5 It is of the greatest importance to bear in mind, what the BISHOP OF ST. DAVID'S has altogether overlooked, that "the point of the charges made against the Author" of the Tracts on Reserve refers expressly to this very "mode of communicating religious knowledge" as applied to the "teaching of the Doctrine of Atonement." The " prevailing notion of bringing forward the Atonement explicitly (sic) and prominently (sic) on all occasions" is declared in the first Tract (part iii. sect. 5) to be "quite opposed to what "the Author considers "the teaching of Scripture:" and so far is MR. WILLIAMS from " retracting or disavowing " this assertion, that we find it repeated still more strongly in Tract 87. "The system of which I speak is characterized by these circumstances, an opinion that it is necessary to obtrude, and bring forward prominently (sic) and explicitly (sic) on all occasions the Doctrine of the Atonement." Now it is evident that this system is throughout peculiar, (sic) in distinction from what is Catholic; by the term Catholic, we of course mean a combination of both what the universal Church and the Holy Scripture teach conjointly, (sic) the former as interpreting the latter.
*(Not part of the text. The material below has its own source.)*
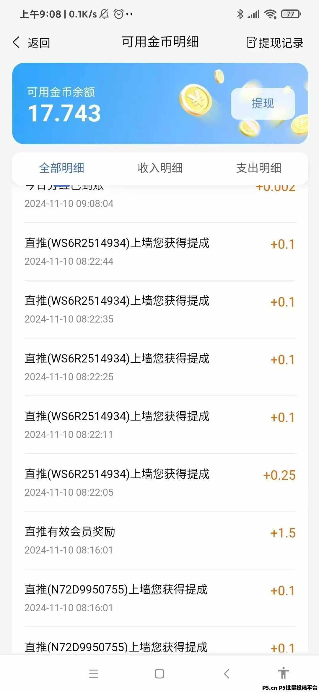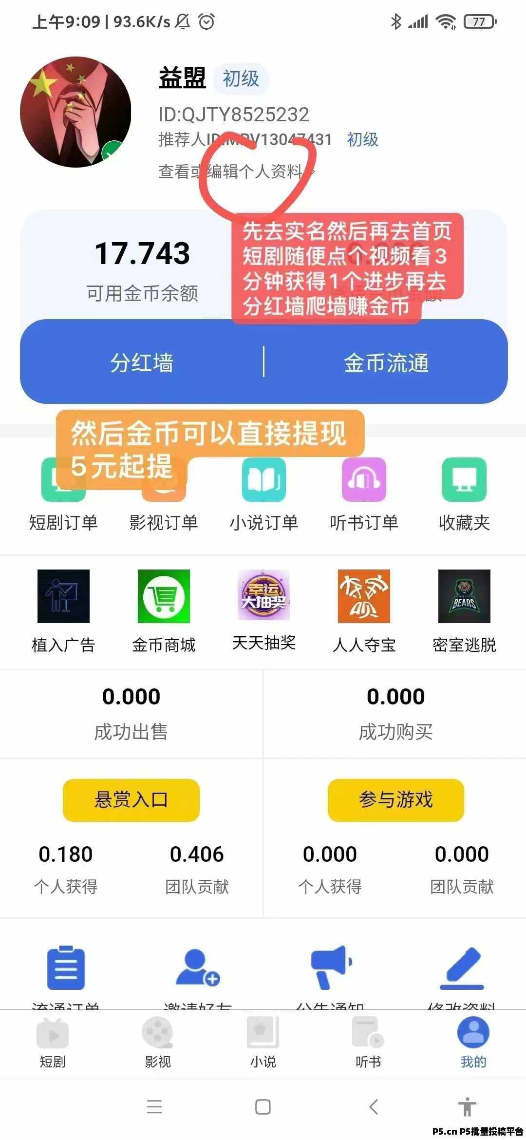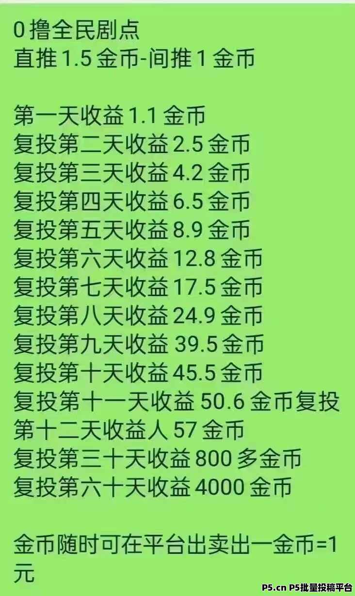 正文 全民剧点零撸用户的春天玩了即可变现 yimeng000148 V作者 /2024-11-12 21:13:25/1.35 K阅读 1112 首码全民剧点本年度最强变现零撸APP!零撸,零撸,短剧影视小说悬赏玩游戏利分宝模式(比如每天上墙积分0.1,明天就是0.2到账,24小时后去领取,非常暴利的零撸)第一天1 米左右第二天1.5 米左右第三天2米,也可以做悬赏任务,玩游戏任务获的米,然后上墙。直推获得1金币,间推获得1金币。1金币等于1元

It is a plan thoroughly un-Scriptural, un-Catholic, unreal: we will, therefore, at once allow that this maxim of Reserve is directly opposed to it throughout, in its tone and spirit, in its tendencies and effects, in its principles and practices.”Part v. sect. 3.

Such, then, upon MR. WILLIAMS' own shewing, is the real question at issue; a question upon which the whole of this most important portion of the controversy depends; but one which, as I have already observed, the BISHOP OF ST. DAVID'S has entirely lost sight of.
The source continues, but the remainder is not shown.